A partir da segunda metade deste século, ganhou maior difusão na clínica. Entre os 673 pacientes consecutivos com IC congestiva estudados no período de 1982 a 1991, no Johns Hopkins Hospital, a causa mais freqüente foi a cardiomiopatia dilatada com 46,5%, estando o álcool presente em 23 (3,4%) pacientes, em indivíduos que consumiam mais do que 224g/dia de etanol, por mais de seis meses ou em tratamento do alcoolismo.

O elemento de maior significado no tratamento da cardiomiopatia alcoólica (CMA) é a abstinência, que deve ser perseguida em qualquer fase da agressão. Alguns autores pregam a proibição total do consumo de álcool, não se admitindo sequer o seu uso social, pois deprime ainda mais o miocárdio, precipitando arritmias.

Recentemente, publicação do Serviço de Saúde Pública dos Estados Unidos da América aconselha desencorajar o seu consumo, sendo que naqueles onde for impossível alcançar a abstinência ou naqueles com pequeno grau de disfunção miocárdica, permitir o uso de dose única diária (<28g de etanol/dia).

Assim, os autores deste estudo resolveram avaliar o significado da abstinência na evolução da CMA, em portadores de disfunção miocárdica de grau moderado, que aceitaram participar espontaneamente de protocolo, onde a meta a ser alcançada era a retirada total do álcool, com terapia de apoio psicoterápico.

Métodos

Foram avaliados, por estudo observacional prospectivo, 20 pacientes com CMA, que apresentavam disfunção ventricular de grau moderado, encontrando-se em tratamento ambulatorial, e que concordaram (consentimento escrito), após conhecer a proposta do estudo, em iniciar terapia de apoio psicológico regular, por período de 12 meses, visando se livrarem do vício do consumo excessivo do álcool, com o objetivo de verificar o papel da abstinência alcoólica na melhora, manutenção ou agravamento da disfunção miocárdica.

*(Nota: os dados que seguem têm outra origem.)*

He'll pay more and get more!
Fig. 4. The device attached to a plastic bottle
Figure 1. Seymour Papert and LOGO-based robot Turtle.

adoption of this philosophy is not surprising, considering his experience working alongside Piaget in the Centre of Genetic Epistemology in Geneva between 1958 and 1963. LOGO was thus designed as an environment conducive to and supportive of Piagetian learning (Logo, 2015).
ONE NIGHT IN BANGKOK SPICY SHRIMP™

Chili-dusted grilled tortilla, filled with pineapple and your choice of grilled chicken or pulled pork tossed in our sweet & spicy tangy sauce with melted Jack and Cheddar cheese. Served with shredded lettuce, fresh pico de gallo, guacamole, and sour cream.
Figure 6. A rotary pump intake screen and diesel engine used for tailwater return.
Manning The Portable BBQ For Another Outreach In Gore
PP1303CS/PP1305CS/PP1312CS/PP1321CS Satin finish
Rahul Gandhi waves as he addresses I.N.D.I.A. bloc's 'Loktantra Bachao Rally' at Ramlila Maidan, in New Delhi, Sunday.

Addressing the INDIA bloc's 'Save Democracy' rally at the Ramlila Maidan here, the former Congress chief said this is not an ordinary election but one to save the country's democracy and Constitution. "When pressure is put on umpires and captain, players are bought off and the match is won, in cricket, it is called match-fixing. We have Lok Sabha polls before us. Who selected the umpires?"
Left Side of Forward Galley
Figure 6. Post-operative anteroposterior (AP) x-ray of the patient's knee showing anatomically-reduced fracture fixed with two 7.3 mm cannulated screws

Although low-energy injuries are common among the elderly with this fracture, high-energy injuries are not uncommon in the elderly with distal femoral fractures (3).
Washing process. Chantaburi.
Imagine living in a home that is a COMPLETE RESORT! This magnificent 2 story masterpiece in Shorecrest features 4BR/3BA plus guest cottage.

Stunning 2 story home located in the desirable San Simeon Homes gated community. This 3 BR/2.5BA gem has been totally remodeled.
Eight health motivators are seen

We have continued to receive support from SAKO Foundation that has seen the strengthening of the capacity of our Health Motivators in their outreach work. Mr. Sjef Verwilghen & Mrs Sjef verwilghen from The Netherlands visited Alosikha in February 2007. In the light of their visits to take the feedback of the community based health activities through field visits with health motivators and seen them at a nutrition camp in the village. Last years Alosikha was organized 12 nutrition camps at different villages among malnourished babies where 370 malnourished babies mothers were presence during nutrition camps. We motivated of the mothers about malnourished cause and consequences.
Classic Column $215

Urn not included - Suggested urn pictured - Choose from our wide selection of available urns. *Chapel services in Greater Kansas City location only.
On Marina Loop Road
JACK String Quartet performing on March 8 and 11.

Foram excluídos do estudo os portadores de hipertensão arterial (complicação freqüente entre os que consomem excesso de álcool), os que apresentavam quadro anterior de angina do peito e passado de infarto do miocárdio, afastando algumas causas que, associadas ao consumo de álcool, poderiam ocasionar agressão miocárdica.

Eram 16 (80%) homens, com idades entre 35 a 56 (x=45) anos, com predomínio de negros (55%), com consumo considerado pesado de álcool e >80g de etanol/dia, segundo os critérios de Burch e Gilles, por período de 51 a 112 (x=85) meses, avaliados segundo a classe funcional (CF) da New York Heart Association, 9 (45%) na CF II e 11 (55%) na CF III, mantidos em seguimento ambulatorial, em uso de terapia anticongestiva com digital, diurético (furosemida ou tiazídico) e inibidor da enzima conversora, otimizados em suas dosagens.

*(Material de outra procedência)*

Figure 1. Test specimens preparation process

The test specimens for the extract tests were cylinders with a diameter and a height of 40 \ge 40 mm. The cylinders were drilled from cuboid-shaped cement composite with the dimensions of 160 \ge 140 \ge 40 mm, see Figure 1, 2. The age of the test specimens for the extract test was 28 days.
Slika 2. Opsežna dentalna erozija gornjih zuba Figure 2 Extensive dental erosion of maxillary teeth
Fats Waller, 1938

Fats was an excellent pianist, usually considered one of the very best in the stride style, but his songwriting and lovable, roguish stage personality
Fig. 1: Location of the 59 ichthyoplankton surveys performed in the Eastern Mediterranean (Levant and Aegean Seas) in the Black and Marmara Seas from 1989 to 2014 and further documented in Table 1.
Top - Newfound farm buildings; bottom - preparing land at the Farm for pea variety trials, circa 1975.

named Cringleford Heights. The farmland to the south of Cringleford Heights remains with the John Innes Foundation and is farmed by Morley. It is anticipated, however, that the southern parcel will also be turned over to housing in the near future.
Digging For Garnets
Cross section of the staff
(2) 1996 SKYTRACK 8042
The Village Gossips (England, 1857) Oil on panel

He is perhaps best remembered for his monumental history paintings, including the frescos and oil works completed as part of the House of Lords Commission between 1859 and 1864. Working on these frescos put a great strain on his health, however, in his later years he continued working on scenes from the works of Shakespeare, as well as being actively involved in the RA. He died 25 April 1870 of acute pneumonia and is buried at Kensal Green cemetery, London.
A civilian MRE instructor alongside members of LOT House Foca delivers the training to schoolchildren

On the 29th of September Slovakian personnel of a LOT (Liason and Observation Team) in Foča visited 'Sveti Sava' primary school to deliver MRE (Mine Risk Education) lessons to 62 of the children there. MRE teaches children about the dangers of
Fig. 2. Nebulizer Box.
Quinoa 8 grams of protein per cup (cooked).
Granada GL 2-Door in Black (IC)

A disfunção ventricular esquerda foi avaliada por meios clínicos, eletrocardiográficos e medidas ecocardiográficas, sendo empregados os diâmetros diastólico do ventrículo esquerdo (DDVE) e sistólico do ventrículo esquerdo (DSVE); a dimensão do átrio esquerdo (AE) e do percentual de encurtamento circunferencial do ventrículo esquerdo (VE) – % ES, comparando-se suas medidas antes e após a introdução do programa de apoio psicológico.

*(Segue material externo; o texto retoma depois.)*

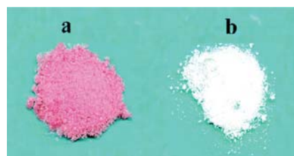
Fig. 2 Picture of poly(methyl methacrylate) (PMMA) synthesised by the RAFT process (a) before and (b) after reaction with AIBN. 45

as the initiating species, resulting in complete removal of the RAFT end group along with the recovery of the RAFT agent. The process was reported to be effective for a variety of polymers and end groups. The structure of the product was confirmed by 1 H NMR spectroscopy and also upon inspection of the polymer colour change (Fig. 2). 45 A subsequent report has demonstrated that while this method is effective for methacrylate polymers, it provides incomplete end group removal when applied to acrylate and styrenic polymers and instead a combination of AIBN and lauroyl peroxide was found to be more effective. 46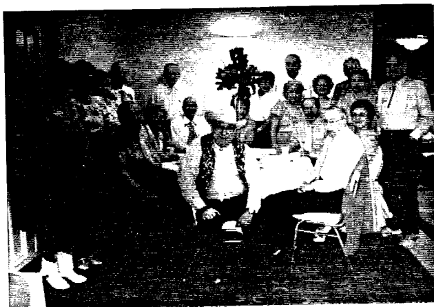
The "Shuffling Squares"

This past year, the Shuffling Squares have been asked to perform for different clubs and organizations. In fact, last December they put on a demonstration for Wally & Loretta Brodack's seniors club.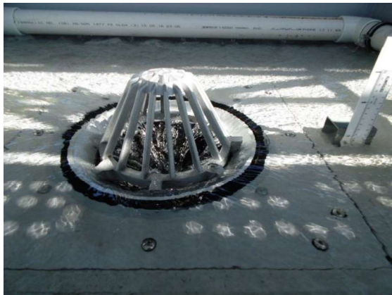
Weir Flow 18 L/s (42mm)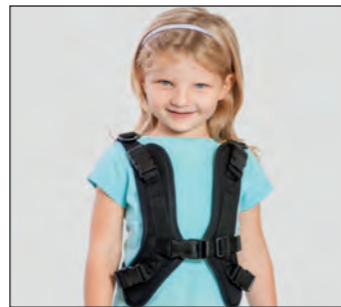
OMO_114 H Harness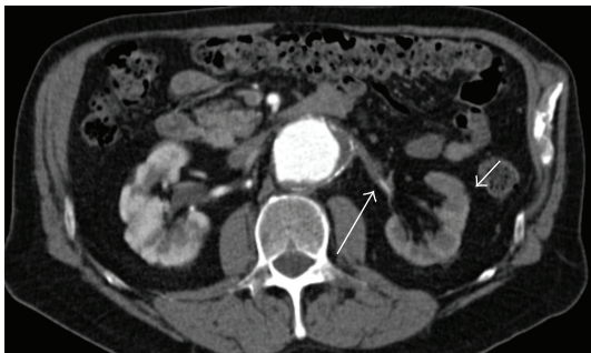
FIGURE 3: Preoperative CTA showing left kidney with preexistent occluded renal artery and contrast-enhancement in the cortical area (cortical rim sign, small arrow) with distal renal artery perfusion suggesting collateral (perirenal) flow (large arrow).

disease, extent and location of thrombus, presence of collateral vessels, and duration of anuria, have been described to predict whether successful restoration of renal function is likely [9, 11, 13]. Anuria time seems to be the best indicator for duration of ischemia and is reversely correlated with recovery of renal function [9].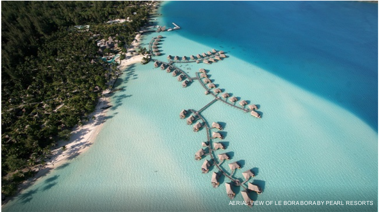
AERIAL VIEW OF LE BORABORABY PEARL RESORTS

Overnight stay in Bora Bora at Le Bora Bora by Pearl Resorts in a Garden Villa & Pool.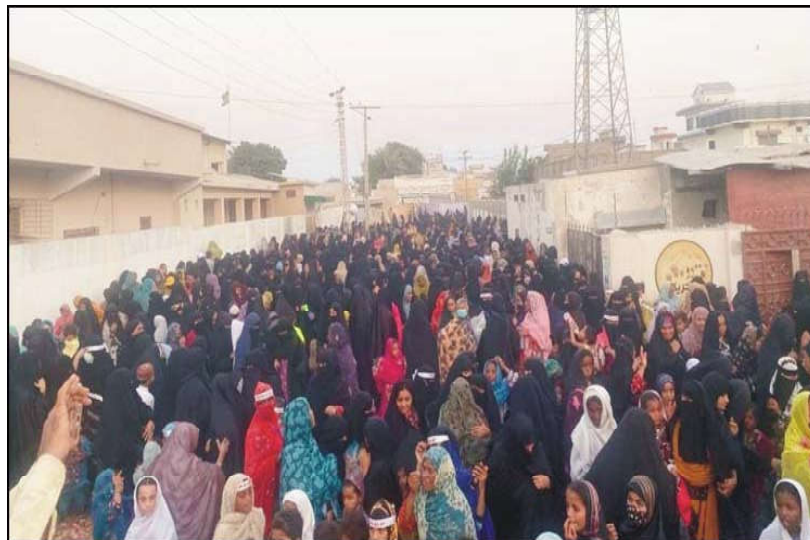
GWADAR: Women are participating in protest organized by Haq Do Theek.

Actually, the flight was a part of the British efforts to shift the Afghan refugees, again showing how propaganda works in the post-truth world with social media being the main tool for promoting lies and deception. Earlier, an old video of a dummy fighter jet set ablaze by supporters of the PTI chairman in May 2023 in Mianwali.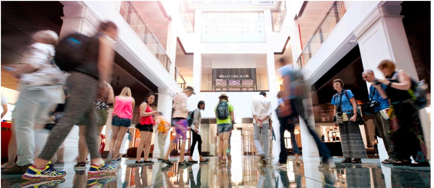
Our Customs House Library offers guided tours for international students to introduce them to general library services and English language learning resources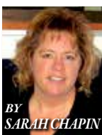
BY SARAH CHAPIN

Survival rates for men with metastatic prostate cancer have increased by an average of six months, something which coincides with the gradual introduction of 'dual treatment' since 2016. This is according to a register study of all Swedish men diagnosed between 2008 and 2020. The results are published in the medical journal JAMA Network Open . Dual treatment means that patients receive both standard hormone therapy (GnRH therapy) and chemotherapy or androgen receptor blockers. Research has previously shown that men receiving this treatment live approximately one year longer than those receiving GnRH treatment alone.

Os pacientes foram divididos em quatro subgrupos de cinco, constituindo os subgrupos de terapia de apoio, que era semanal, realizada em horário de comum acordo entre os seus participantes e terapeutas. Ao lado desse apoio, continuaram o acompanhamento ambulatorial a cada dois meses, ou quando necessário, sendo avaliados por exames clínico e complementar não invasivo (eletrocardiograma e ecocardiograma), comparando-se os achados antes do inicio da terapia de apoio e após 12 meses. Os que lograram atingir abstinência constituíram o grupo 1 (G-I) e os que permaneceram com hábitos alcoólicos o grupo 2 (G-II).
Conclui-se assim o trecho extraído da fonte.